Mitch McConnell gave an extraordinary speech skewering Trump's efforts to overturn the election
- Senate Majority Leader Mitch McConnell gave a fiery speech on the Senate floor Wednesday excoriating President Donald Trump and his congressional allies' to throw out the results of the 2020 election.
- "Nothing before us proves illegality of the massive scale that would have tipped the entire election.
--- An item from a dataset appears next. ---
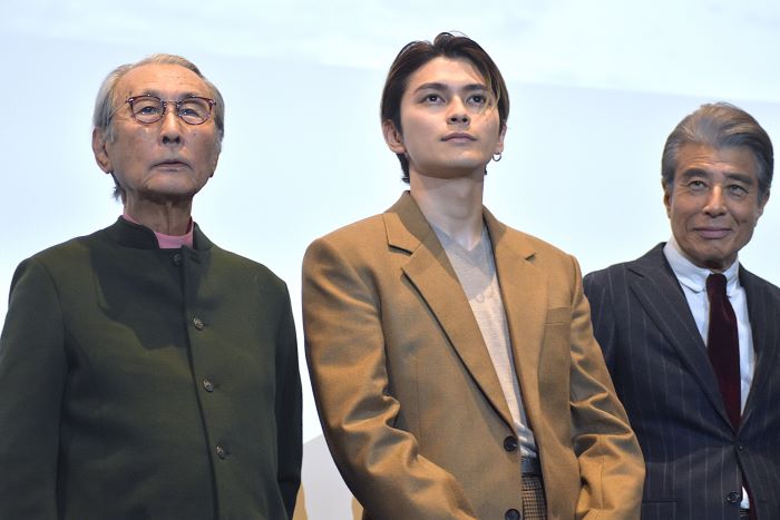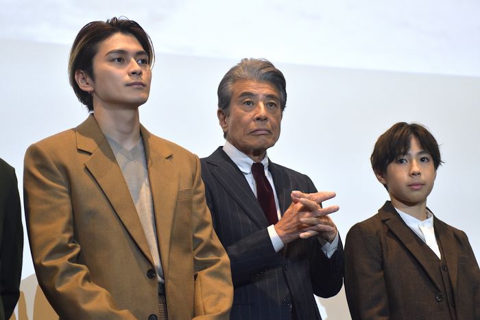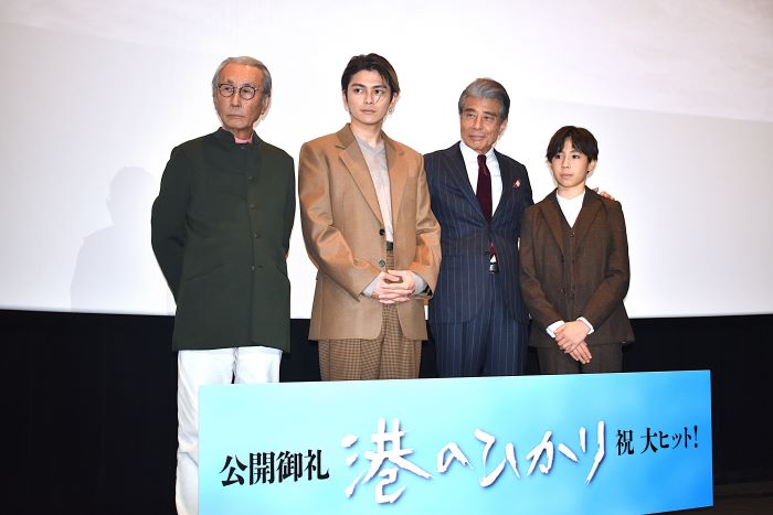 公開中の映画『港のひかり』の舞台挨拶が11月26日、都内にて行われ、俳優の舘ひろし、眞栄田郷敦、尾上眞秀と撮影の木村大作が登壇。木村キャメラマンの歯に衣着せぬトークに舘も苦笑した。

Nor can public doubt alone justify a radical break when the doubt was incited without any evidence," McConnell said.
- "This election was not unusually close," he added. "The Electoral College margin was almost identical to what it was 2016. If this election were overturned by the losing side, our democracy would enter a death spiral."
Senate Majority Leader Mitch McConnell, the most powerful Republican in the upper chamber, gave a searing floor speech on Wednesday blowing a hole through President Donald Trump and his allies' efforts to unilaterally throw out some states' electoral votes and overturn the results of the 2020 general election.
"Nothing before us proves illegality of the massive scale that would have tipped the entire election," McConnell said, referring to Trump's false assertion that there was widespread, nationwide voter fraud that delegitimized the results of the election. "Nor can public doubt alone justify a radical break when the doubt was incited without any evidence."
"The Constitution gives us here in Congress a limited role," McConnell added, in a rebuke of some Trump loyalists' claims that Congress and Vice President Mike Pence can "decertify" states' electoral votes if they want to.
"This election was not unusually close. 1976, 2000, and 2004 were all closer than this. The Electoral College margin was almost identical to what it was 2016. If this election were overturned by the losing side, our democracy would enter a death spiral," the Kentucky Republican said.
McConnell made his remarks when Congress convened to officially certify President-elect Joe Biden's victory in the election. A few minutes after the joint session opened, a number of Republican House and Senate lawmakers objected to certifying Arizona's electoral votes, which went to Biden after the Electoral College met last month.
According to congressional procedure, when a challenge is lodged against a state's electoral votes, both houses must separately debate the motion for up to two hours.
Both the House of Representatives and the Senate must vote to reject a state's electoral votes in order to nullify them. There is virtually no chance of that happening this year, given that Democrats control the House and Republicans control the Senate, and many Senate Republicans have said they will not back the president's efforts to take back the White House.